Riemerge dai cuscino con la faccia rossa e una risata che sfuma ancora da quelle labbra incantevoli. Trasmette con un solo battito della folta corolla di ciglia, un motivo da dare a un’esistenza che prima ne era sprovvista. 

Peter è il sole e Tony sarà per sempre il suo girasole. Anche se non volesse esserlo, ma per fortuna vuole. Lo ha aspettato per una vita, lo sentiva nell’anima, e poi è arrivato. 

«Dunque rimarrai qui anche se ti ho fatto capire in ogni modo che voglio procrastinare da solo senza nessuno che mi ronzi intorno?» 
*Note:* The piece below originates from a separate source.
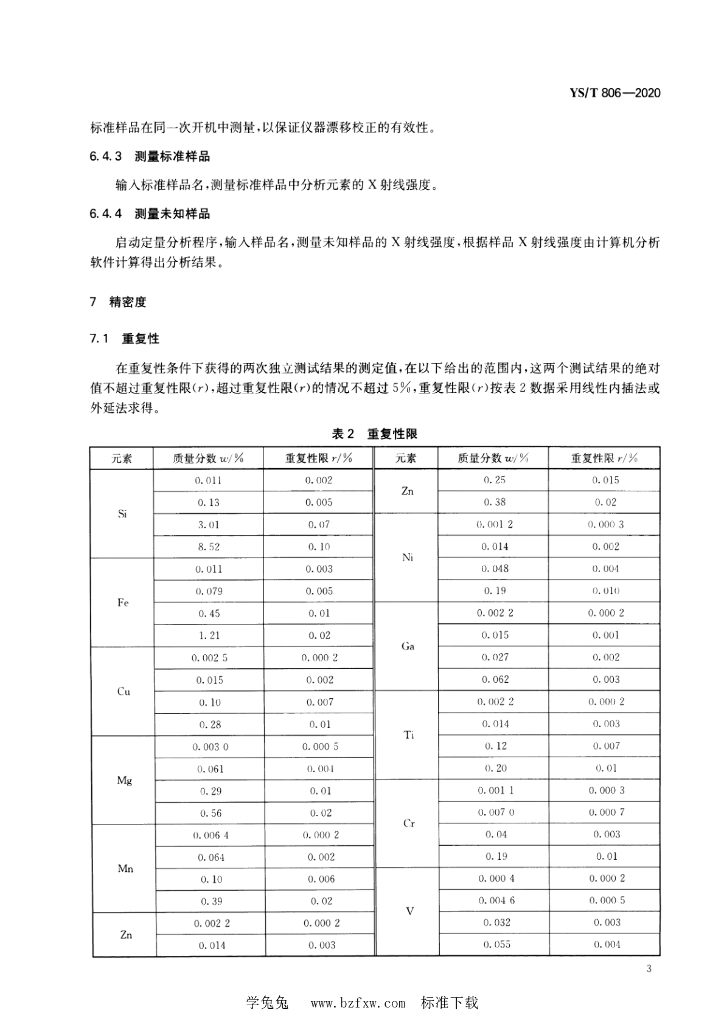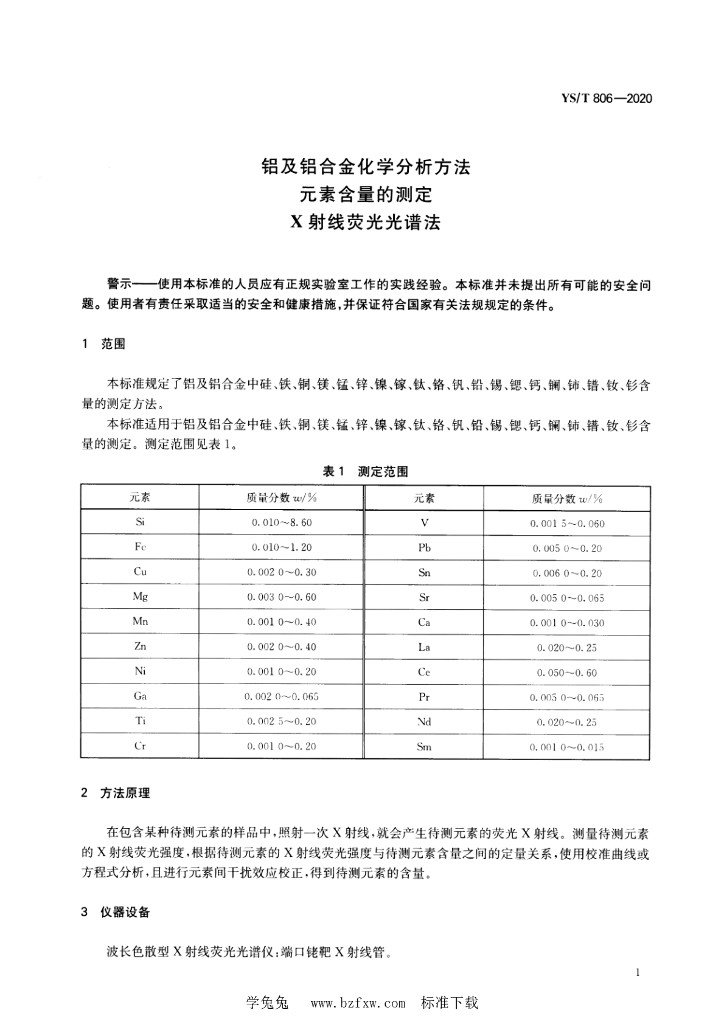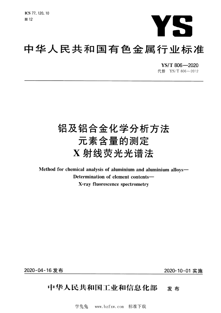 YS/T 806-2020 铝及铝合金化学分析方法 元素含量的测定 X射线荧光光谱法

«Rimango qui perché vuoi. Mi avresti già cacciato, se avessi voluto farlo. Ti conosco. Non le mandi mica a dire, tu!» 

«Da dove ti esce tutta questa sicurezza? Dov’è finito il Peter che ha sempre paura di essere di troppo?», lo punzecchia e Peter alza le spalle, con un sorrisetto laterale e gli occhi che brillano di una luce che sa di insicurezza e paure, ma anche di prese di coscienza. Ma anche di altro. Tony non può metterci la mano sul fuoco, ma forse ha capito cos’è. Inclina la testa mentre aspetta che risponda, anche solo per lasciare che quella voce gli riempia di nuovo le orecchie e il cuore. E l’anima. Tutta.

«È che ho imparato a conoscere le sfumature dei tuoi non detti. Non è stato facile, ma ce l’ho fatta. So quando non mi vuoi. Non è questo il caso… credo

È adorabile. Non nel modo melenso e romantico con cui lo sarebbe un ragazzo della sua età. È una dolcezza che sa di consapevolezza e maturità, ma anche di paura. Quella di dire sempre la cosa sbagliata, solo che… solo che Peter il coraggio ce l’ha nel cuore e, quando mette da parte quel senso di inadeguatezza, e prova a parlare con l’intento di essere ascoltato, pronto a ricevere i suoi rifiuti e dunque crescere, sorprende se stesso e gli altri. E Tony. 

Prende il telecomando e cambia canale. Non gli piace Grey's Anatomy, ma lo trova piacevole quando non ha nulla di meglio da fare che perdere tempo fino al momento in cui avrà di nuovo bisogno di diventare inarrestabile. A volte vuole solo essere normale, come tutti e, guardare un programma alla tv, che non ha la pretesa di colpire nel segno persone del suo livello, un po’ ce lo fa sentire. 

Trova un film da vedere insieme, dopo che ha rivolto a Peter un sorriso che è un sì, stiamo qui insieme a non fare niente. Mi va. Si mettono comodi sul divano, e la leggerezza di quel momento ha il sapore dell’infinito, e l’unica pecca è che non lo è. No, non è infinito, ma fingerà che lo sia.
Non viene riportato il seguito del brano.